4. Merchant Cash Advance
- Amounts up to $200,000.
- Funds available in as little as 24 hours.
5. Business Term Loan
- Amounts up to $2,000,000.
- Funds available in 2 or 3 days.
6. Business Credit Card
- Amounts up to $500,000.
- Funds available in 2 weeks.
7. Equipment Financing
- Amounts up to $5,000,000.
- Funds available in as little as 24 hours.
8. Commercial Mortgage
- Amounts up to $5,000,000.
- Funds available in 45 days.
9. Accounts Receivable Financing
- Amounts up to 80% of your receivables.
- Funds available in 3 days.
10. Startup Loan
- Amounts up to $750,000.
- Funds available in 3 weeks.
11. Business Acquisition Loan
- Amounts up to $5,000,000.
- Funds available in 1 month.
Comparing Your Financing Options
After you’ve had a chance to identify a few top contenders, you’ll want to compare the costs to see which loan products are best suited for your unique needs. There are four common pricing methods you can use to see how costly a loan would be for your business.
- Total Cost of Capital (TCC): This metric accounts for the interest, fees on loans that don’t charge interest, and ancillary fees.
- Annual Percentage Rate (APR): True to its name, this metric identifies how much your financing would cost each year.
- Average Monthly Payment: Figuring out how much you’d need to pay each month helps you see exactly what you can afford.
- Cents on the Dollar: By boiling down the numbers to their essence, this metric helps you see how much you’d owe in interest and fees for each borrowed dollar.
Even with these helpful metrics, it can be challenging to compare one loan to another because lenders handle disclosures so differently. To help remedy this issue, the Innovative Lending Platform Association partnered with various lending platforms to make a comparison tool called SMART Box™ (Straightforward Metrics Around Rate and Total cost). This resource promotes more transparency in disclosure standards and gives you a way to calculate the price.
“Access to capital is a top priority for NSBA and we appreciate how SMART Box allows small businesses to more fully assess and compare lending options,” explains Todd McCracken, president and CEO of the National Small Business Association. “This type of price transparency, along with best practices like the ones adopted by the Coalition for Responsible Business Finance (CRBF), will help solidify the trust between non-bank lenders and small businesses.”
Applying for Financing Options
This is where the rubber meets the road. After all, anyone can choose an option. But getting it is the real accomplishment. You’ll greatly improve your chances for success if you take time to prepare adequately before filling out any applications.
Each application has its own requirements, but for reference, here are some of the documents you can expect to be required for a bank loan:
- A business plan that includes balance sheets, profit and loss, and proof of cash flow from your business.
- Personal information such as education history, previous addresses, names you have used, and criminal record.
- Your resume.
- Credit reports from each of the major consumer credit reporting agencies.
- Personal and business tax returns for the past 3 years.
- Signed personal financial statements.
- Projected financial statements.
- Personal and business bank statements from the past year.

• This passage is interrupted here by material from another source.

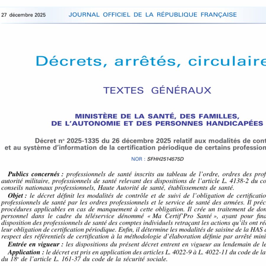 Deux décrets attendus, relatifs à la certification périodique, ont été publiés le 27 décembre 2025. […]

- The value of personal or business property you could use as collateral.
- Business licenses and registrations.
- Any franchise agreements, commercial leases, articles of incorporation, or copies of contracts you have with third parties.
Acquiring Your Loan Option
Lenders will pay close attention to your credit as they decide whether or not to approve your request. If you get turned down, don’t take it personally. The majority of loans actually get denied, so you’ll most likely experience it at some point in your career.

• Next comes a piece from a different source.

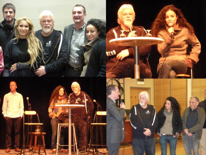 Le point de départ de l’activisme de Paul Watson débute à l’âge de 12 ans, il sera ensuite le plus jeune co-fondateur de l’ONG Greenpeace qu’il quittera en 1977 pour créer son propre mouvement Sea Shepherd (Berger de la Mer). L’ONG fonctionne avec des dizaines de milliers de bénévoles et seulement 25 salariés dans le monde entier. Son financement est assuré à 100% par les dons et les frais de fonctionnement ne s’élèvent qu’à 3%. Sea Shepherd lutte pour la protection des océans et contre les dégâts engendrés par l’homme. 1100 personnes, toutes générations confondues sont venues s’informer à Draguignan sur la situation du milieu marin. Quelques chiffres alarmants : Au cours du XXème siècle, 90% du peuple marin a été éradiqué et depuis 1950, 40% du phytoplancton a disparu. 40% des poissons vendus sur le marché, y compris dans les grandes surfaces, sont pêchés illégalement. Les pratiques intensives consistent à utiliser des filets de 100 km et des satellites pour repérer des bancs de poissons et continuer à chasser les 10% de poissons restants. 100 milliards de subventions mondiales à l’année sont octroyés pour la pêche industrielle et pratiquement aucune sanction dissuasive n’est pratiquée contre la pêche illégale. 45% des poissons pêchés sont destinés à l’alimentation des fermes et des chats domestiques etc. Et ce dans un total déni de la COP21 qui n’a pris aucune mesure pour les océans. Un enregistrement de la conférence et une version complète du reportage de Véronique Hermant, sont disponibles sur notre site Castellanais. Je vous propose d’écouter le capitaine Paul Watson et Lamya Essemlali, présidente de Sea Shepherd France et traductrice de Paul Watson qui évoque l’origine de son engagement au sein de l’ONG. Lamya Essemlali

The important thing is to learn from each application and try to improve your stock. Any effort you can make to improve your credit scores will be beneficial. Not only will it help you get approved for more loans, but it can also help you score better terms and rates, which saves you substantial money over the life of a loan.
One of the easiest ways to help your scores is to monitor your credit proactively. Errors are common with the major bureaus, so don’t miss the opportunity to set things right. Doing so will improve your credit and help you stand out to lenders.
If you feel that you need a little extra help, you may want to turn to a credit repair expert. They’re trained to find the best ways to improve your scores with both short- and long-term strategies.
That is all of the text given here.